There is a spooky statistical confluence in the U.S. between highway fatalities and deaths resulting from gun violence (homicides and suicides, combined). Both figures hover around 30,000, or about 100/day.

And just as the world is treated to the U.S.’s perennial debate over the merits and nature of gun control, the auto industry is now grappling with the question of surrendering vehicle control to a computer. In fact, those socialist-leaning Europeans have even broached the subject of governmental remote control of cars (Telegraph report: http://tinyurl.com/pp4ol27) which actually aligns with Brazil’s delayed anti-theft mandate for vehicle immobilization.

It all reminds me of the late Charlton Heston (pictured, from "Omega Man"), five-term president of the National Rifle Association (1998-2003), who made famous the bumper sticker slogan “from my cold dead hands” as in "I'll give you my gun when you pry (or take) it from my cold, dead hands."

It appears that cars are second only to guns as a symbol of freedom and control - at least in the U.S. When surveyed by Strategy Analytics, only a minority of respondents express interest in owning or paying for self-driving cars. In fact, the paying for part will probably be the greatest obstacle as the price tag for autonomous driving is likely to remain in the thousands of dollars for the foreseeable future.

Pair the high cost with the inclination of consumers to preserve their access to freedom and control and you have two solid nearly impenetrable barriers to autonomous vehicle adoption. The U.S. consumer is essentially saying a la Charlton Heston – “you’ll get the steering wheel when you pry it from my cold dead hands.”

And now Google wants to take away the steering wheel and the brake pedals (New York Times report: http://tinyurl.com/o89oj7f).

So whether it’s the government (and not just the U.S. government) or Google, more and more organizations are interested in wresting control of the car away from the driver. This is aside from the plans being laid for “intelligent” highways that will take control of cars and the wave of interest growing in pay-per-use vehicle taxation.

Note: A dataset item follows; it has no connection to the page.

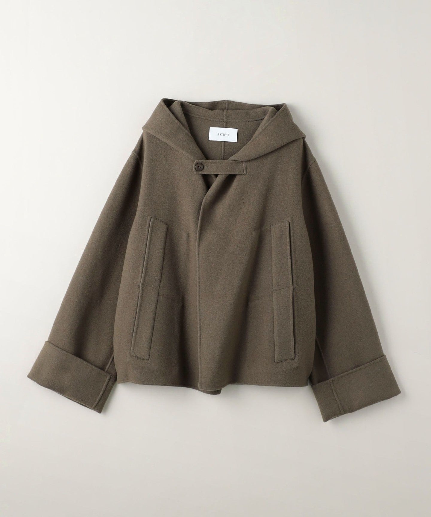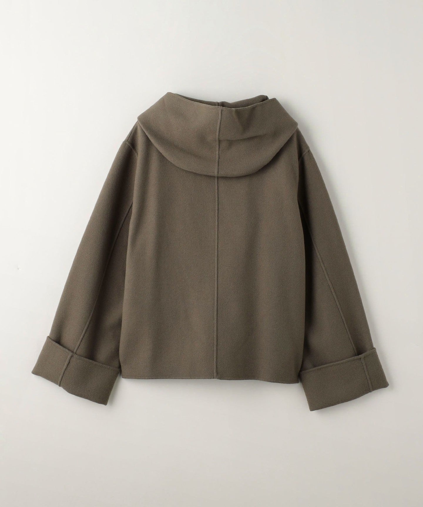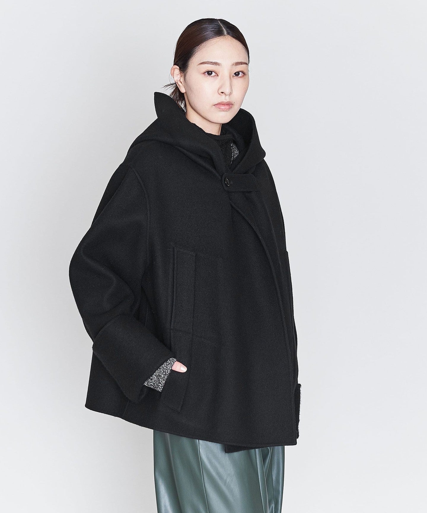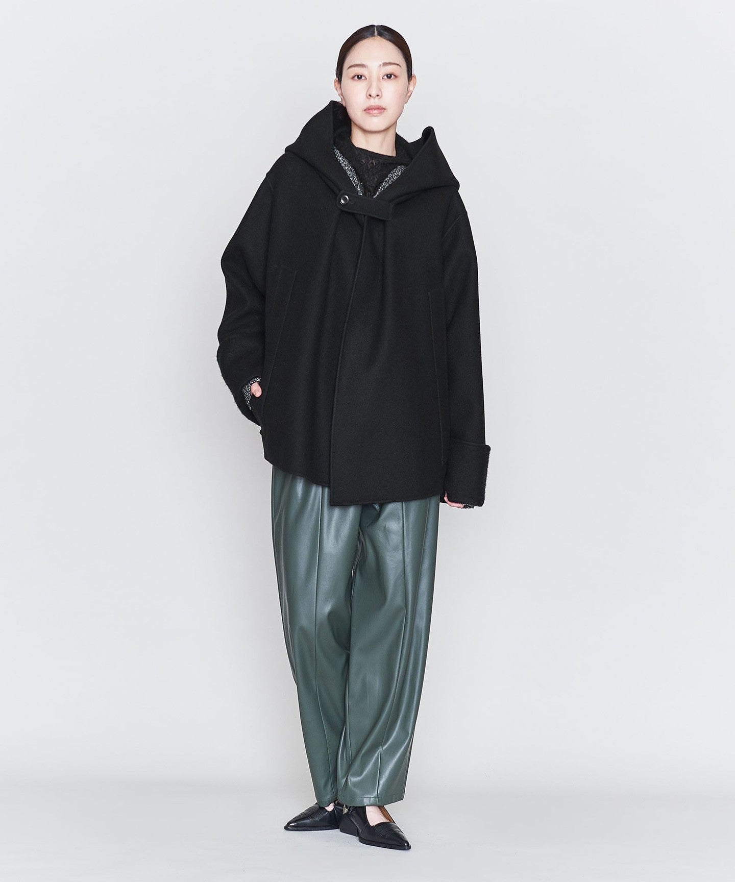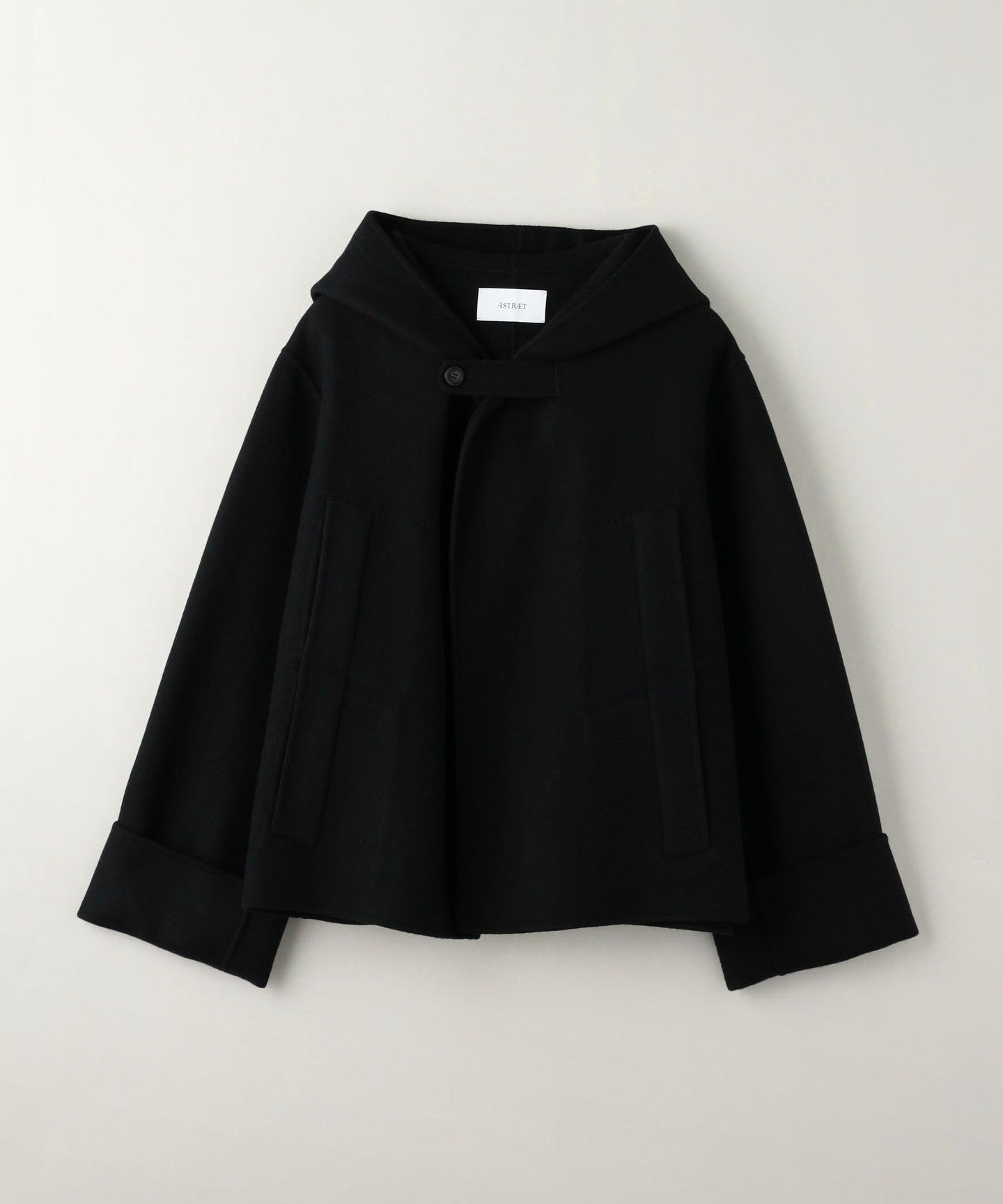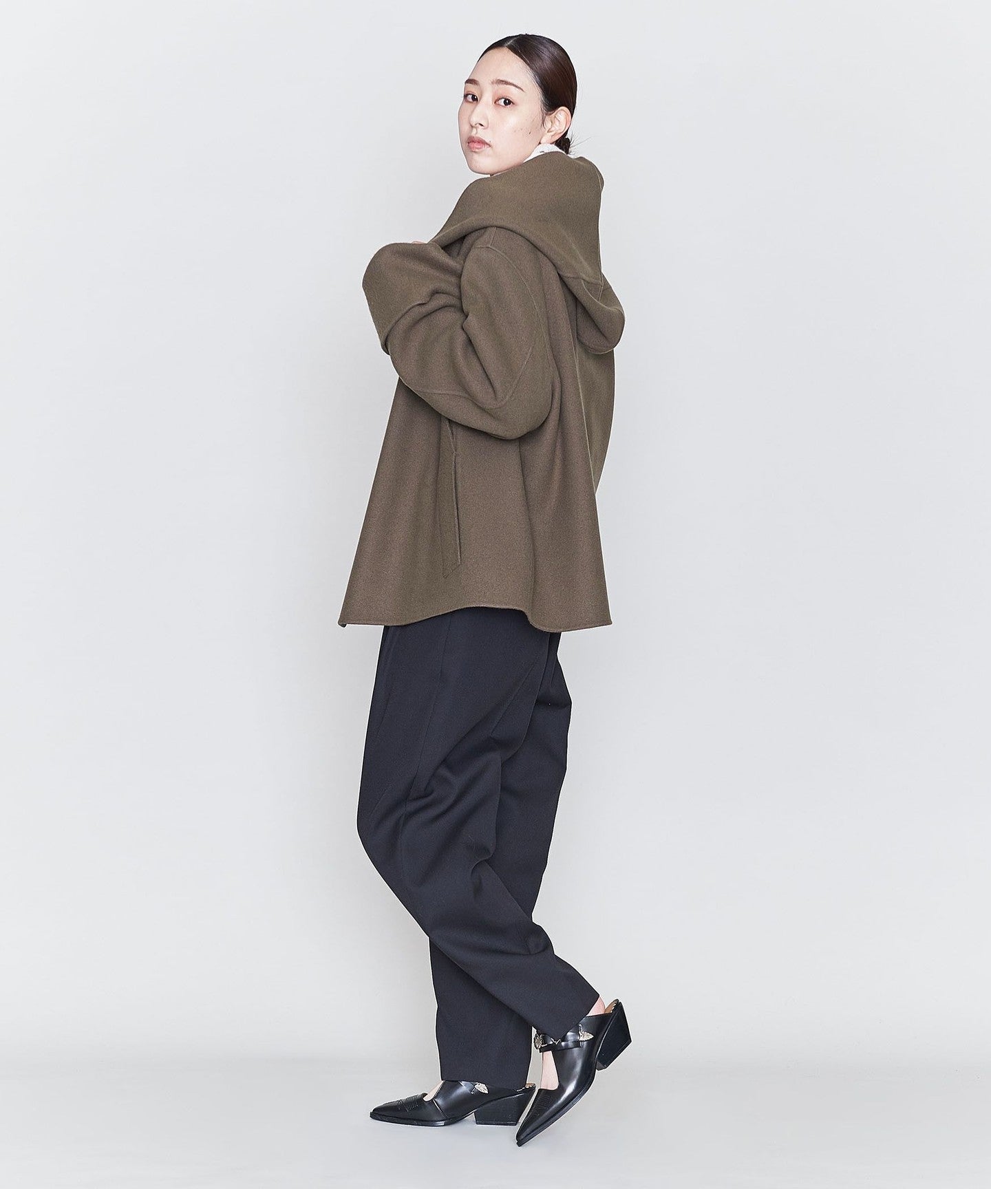 A short hooded coat with a hood that looks like a stole and a relaxed silhouette.

But drivers can be expected to fight for their rights.

Call it an aphrodisiac. Call it a hallucinogen. Whatever you call it, the driving experience is intoxicating and drivers can be expected to fight to preserve their freedom from control. (Just imagine Germany surrendering its Autobahn network, nein!) Getting drivers to change their behavior and attitudes will require some sophisticated combination of coercion and temptation – even after the technology becomes sufficiently inexpensive. One thing is clear, we won’t surrender meekly.